** Information **
# # #

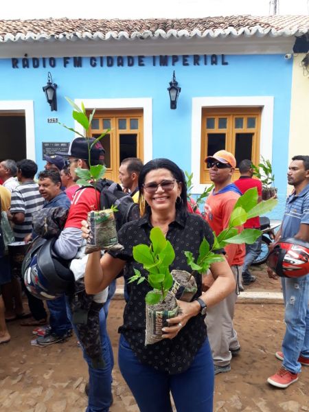 Uma grande fila de pessoas de Pedro II e região se formou para receber suas mudas do cajueiro anão.
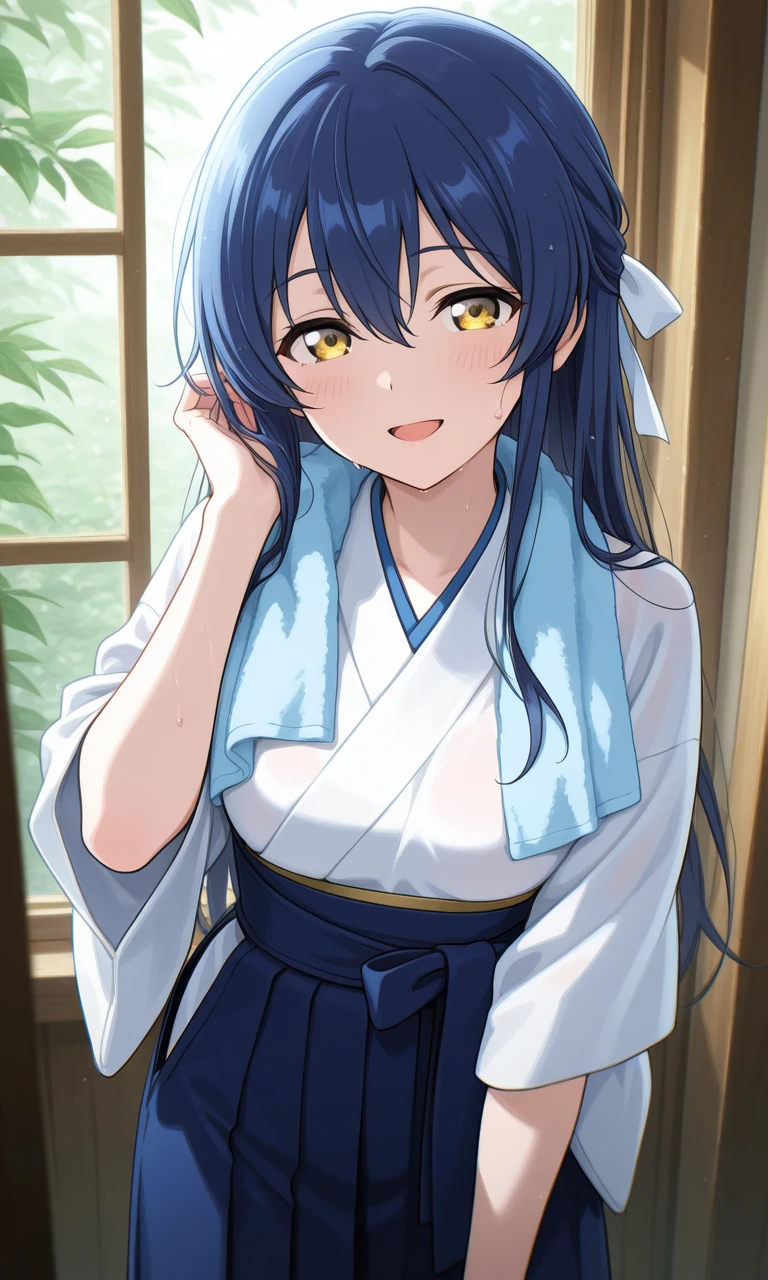 umidah, long hair, blue hair, yellow eyes
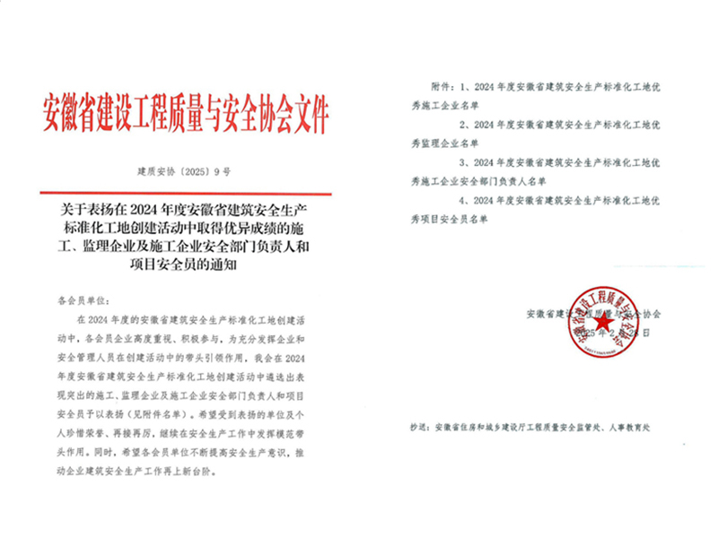 近日,安徽省建設工程質量與安全協(xié)會發(fā)布表揚通知,集團公司榮獲“安徽省建筑安全生產標準化工地優(yōu)秀施工企業(yè)”稱號,公司多名安全管理人員獲得表彰。
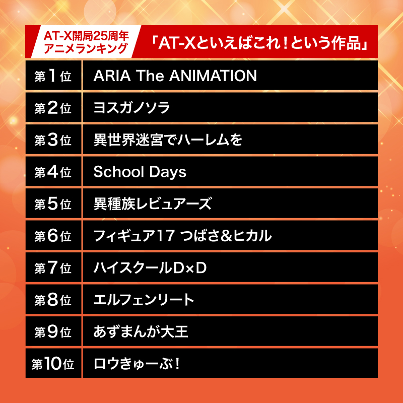 AT-X開局25周年アニメランキング
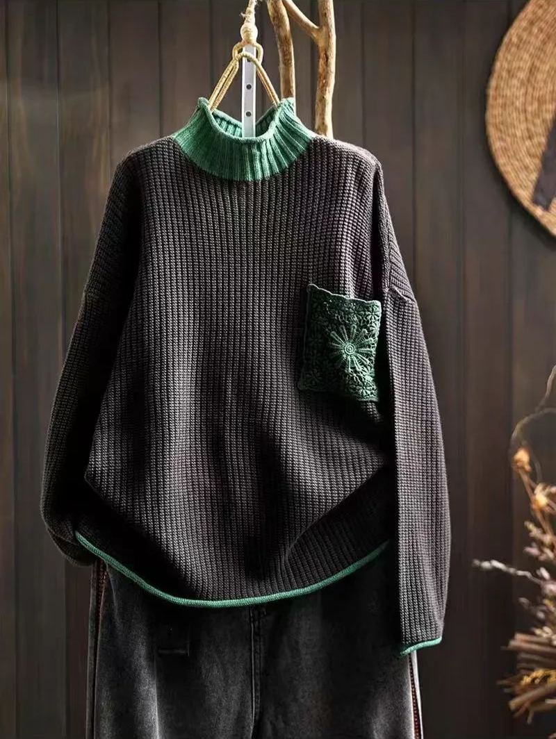 Turtleneck three-dimensional diamond Lace pockets knitted sweater
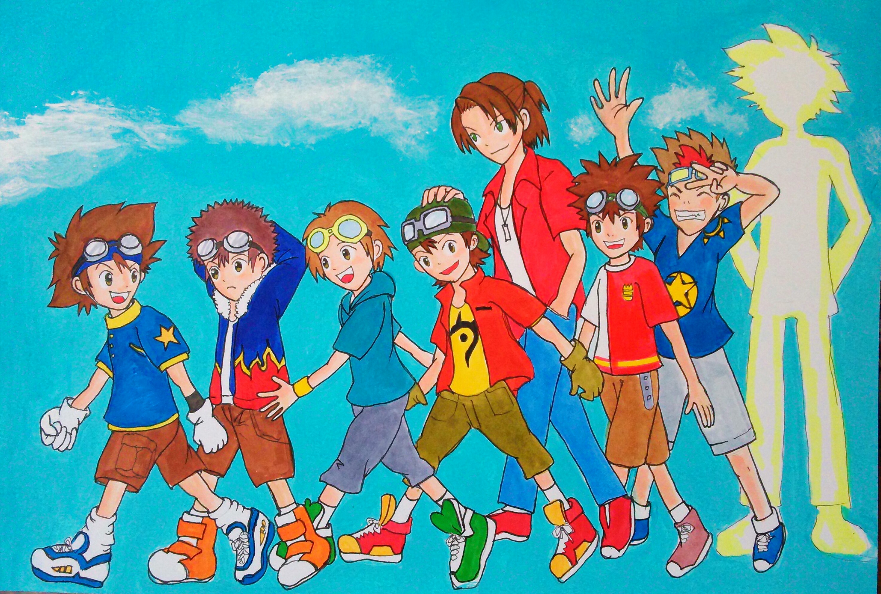 6+boys akashi_tagiru daimon_masaru_(digimon_savers) digimon digimon_adventure digimon_adventure_02 digimon_frontier digimon_savers digimon_tamers digimon_xros_wars digimon_xros_wars:_toki_wo_kakeru_shounen_hunter-tachi goggles goggles_on_head highres kanbara_takuya kudou_taiki matsuda_takato motomiya_daisuke multiple_boys short_hair yagami_taichi
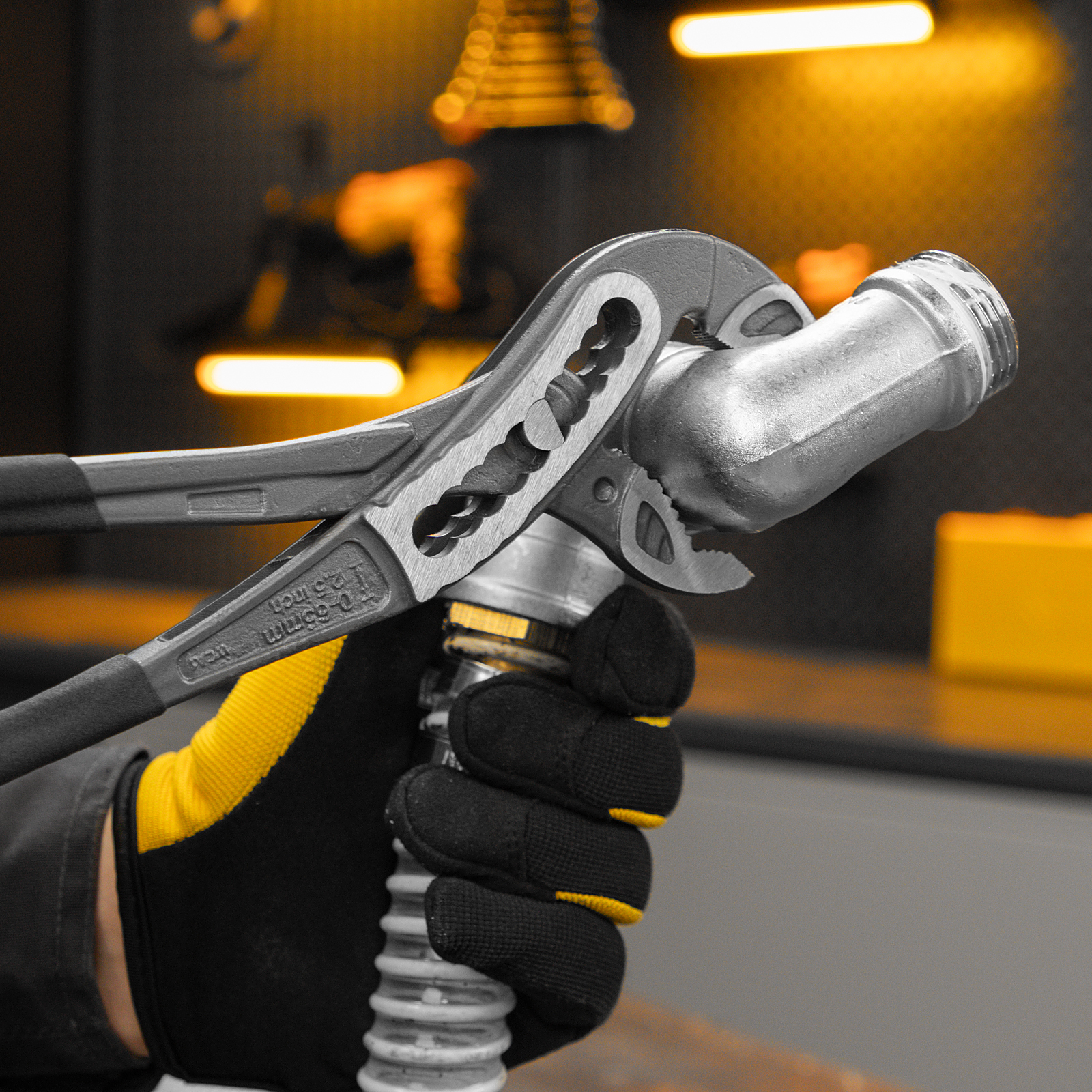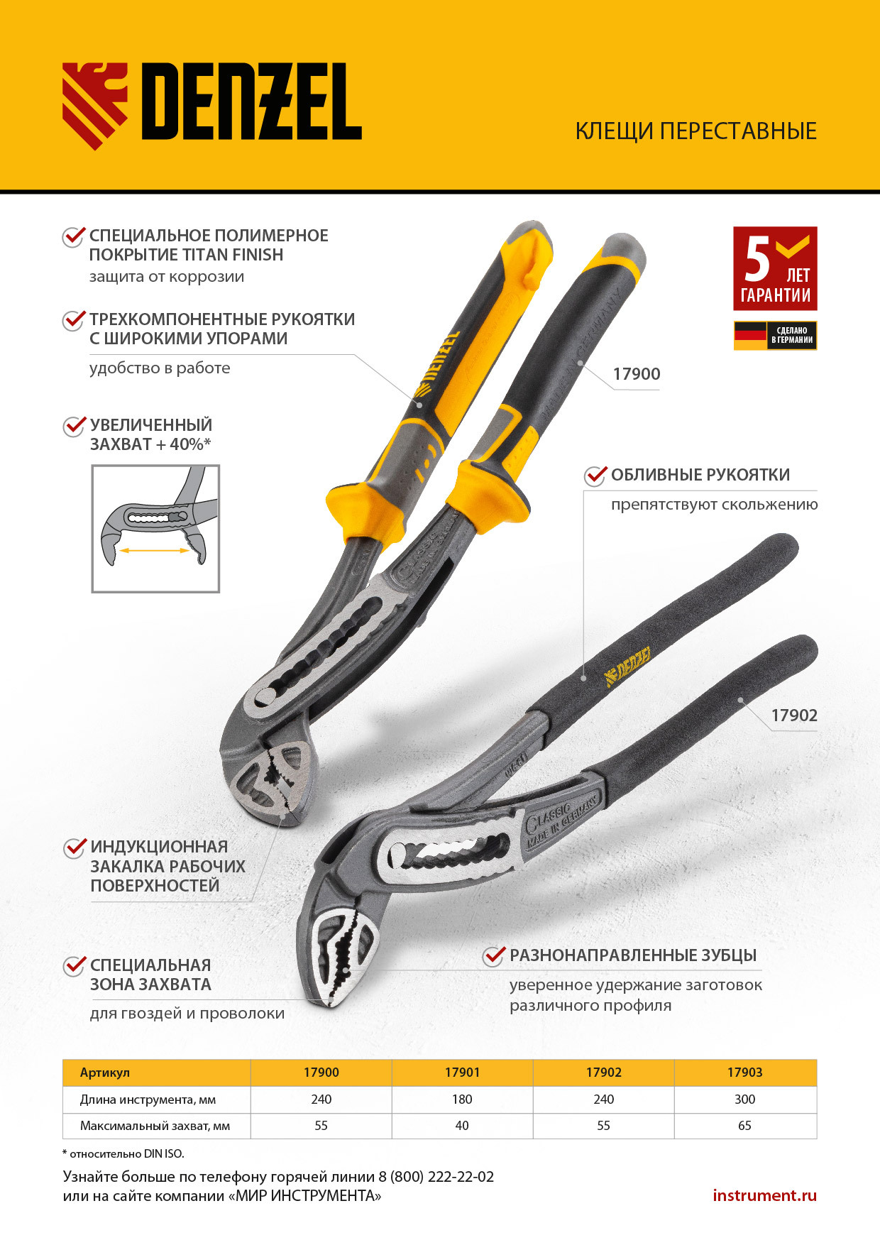 Переставные клещи Denzel 17903 длиной 300 мм, с обливными рукоятками, предназначены для фиксации и вращения деталей и заготовок различной формы. Подходят для захвата фитингов, труб, крепежных элементов. Инструмент используется при проведении ремонтных, монтажных, сантехнических работ.

# # #

** Required action **
Send back every line above exactly, skipping all pictures.

** Expected output **
 Uma grande fila de pessoas de Pedro II e região se formou para receber suas mudas do cajueiro anão.
 umidah, long hair, blue hair, yellow eyes
 近日,安徽省建設工程質量與安全協(xié)會發(fā)布表揚通知,集團公司榮獲“安徽省建筑安全生產標準化工地優(yōu)秀施工企業(yè)”稱號,公司多名安全管理人員獲得表彰。
 AT-X開局25周年アニメランキング
 Turtleneck three-dimensional diamond Lace pockets knitted sweater
 6+boys akashi_tagiru daimon_masaru_(digimon_savers) digimon digimon_adventure digimon_adventure_02 digimon_frontier digimon_savers digimon_tamers digimon_xros_wars digimon_xros_wars:_toki_wo_kakeru_shounen_hunter-tachi goggles goggles_on_head highres kanbara_takuya kudou_taiki matsuda_takato motomiya_daisuke multiple_boys short_hair yagami_taichi
 Переставные клещи Denzel 17903 длиной 300 мм, с обливными рукоятками, предназначены для фиксации и вращения деталей и заготовок различной формы. Подходят для захвата фитингов, труб, крепежных элементов. Инструмент используется при проведении ремонтных, монтажных, сантехнических работ.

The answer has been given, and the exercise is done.